**PROBLEM TO WORK ON**
A partial copy is required: transcribe exactly the lines from the one containing "Ein Effektivwertmesser mit" through the last line below, without any pictures.

(Dataset items)
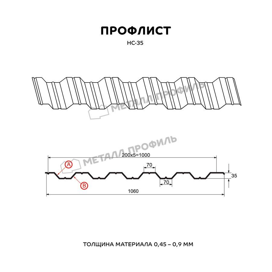 Многоцелевой и выгодный материал с симметричным профилем. Маркировка НС говорит о том, что профнастил является и «несущим», и «стеновым». Он пользуется спросом как для гражданского строительства, так и для промышленных объектов. Из профнастила с высотой волны в 35 мм создаются конструкции совершенно разного плана: быстровозводимые постройки ( навесы, павильоны ), каркасные здания ( цеха, склады, торговые центры ), ограждения частных и общественных территорий, обустройство кровли. Отличную способность выдерживать нагрузки НС-35 обеспечивают специальные желобки, которые расположены на лицевой и внутренней сторонах листа. Полезная ширина этого профиля составляет 1000 мм при полной ширине 1060 мм, получается, что при установке данного металлопрофиля в боковое соединение скроется 60 мм. Толщина металлопроката имеет диапазон от 0,5 до 0,9 мм – это обуславливает не только механическую стойкость стройматериала, но и его тяжесть. Полимерный слой из линейки Компани Металл Профиль добавит материалу улучшенную стойкость к коррозии и УФ-излучению.
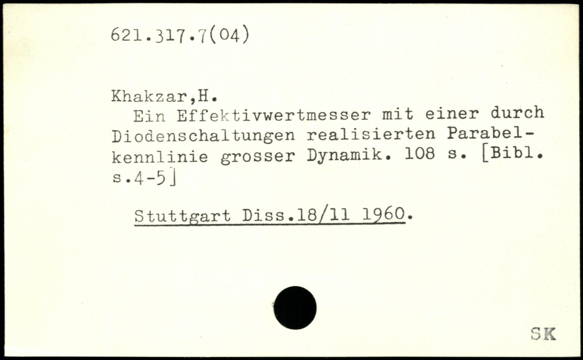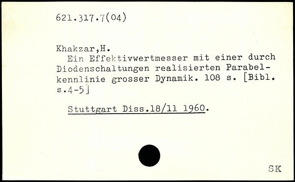 Ein Effektivwertmesser mit einer durch Diodenschaltungen realisierten Parabel-kennlinie grosser Dynamik.
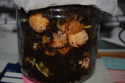 昨日の観察小屋2号、1日経過して、悪臭なし、ミミズの脱走なし、まだみみずが銀杏の果肉を食べるかどうかは不明。今日はより実験結果が早く出ると思われるメインの観察小屋1号で同じ実験をやってみることにする。
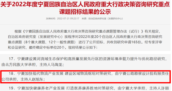 近日,寧夏公路勘察設(shè)計(jì)院有限責(zé)任公司成功中標(biāo)《寧夏加快現(xiàn)代物流產(chǎn)業(yè)發(fā)展,建設(shè)區(qū)域物流樞紐對(duì)策研究》課題項(xiàng)目,該項(xiàng)目是自治區(qū)政府研究室2022年度寧夏回族自治區(qū)人民政府重大行政決策咨詢研究重點(diǎn)課題之一,由自治區(qū)重大行政決策咨詢論證專家,寧夏公路勘察設(shè)計(jì)院黨委書記、總經(jīng)理趙旭東主持。
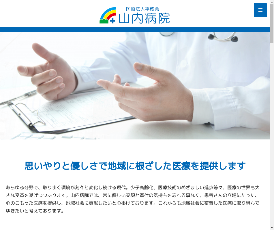 | 事業内容 | 病院50床 介護保険事業(グループホームほっとやまうち、デイケア、デイサービスふれあい、訪問看護、居宅介護支援サービスやまうち、定期巡回・随時対応型訪問介護看護 |

**EXPECTED ANSWER**
 Ein Effektivwertmesser mit einer durch Diodenschaltungen realisierten Parabel-kennlinie grosser Dynamik.
 昨日の観察小屋2号、1日経過して、悪臭なし、ミミズの脱走なし、まだみみずが銀杏の果肉を食べるかどうかは不明。今日はより実験結果が早く出ると思われるメインの観察小屋1号で同じ実験をやってみることにする。
 近日,寧夏公路勘察設(shè)計(jì)院有限責(zé)任公司成功中標(biāo)《寧夏加快現(xiàn)代物流產(chǎn)業(yè)發(fā)展,建設(shè)區(qū)域物流樞紐對(duì)策研究》課題項(xiàng)目,該項(xiàng)目是自治區(qū)政府研究室2022年度寧夏回族自治區(qū)人民政府重大行政決策咨詢研究重點(diǎn)課題之一,由自治區(qū)重大行政決策咨詢論證專家,寧夏公路勘察設(shè)計(jì)院黨委書記、總經(jīng)理趙旭東主持。
 | 事業内容 | 病院50床 介護保険事業(グループホームほっとやまうち、デイケア、デイサービスふれあい、訪問看護、居宅介護支援サービスやまうち、定期巡回・随時対応型訪問介護看護 |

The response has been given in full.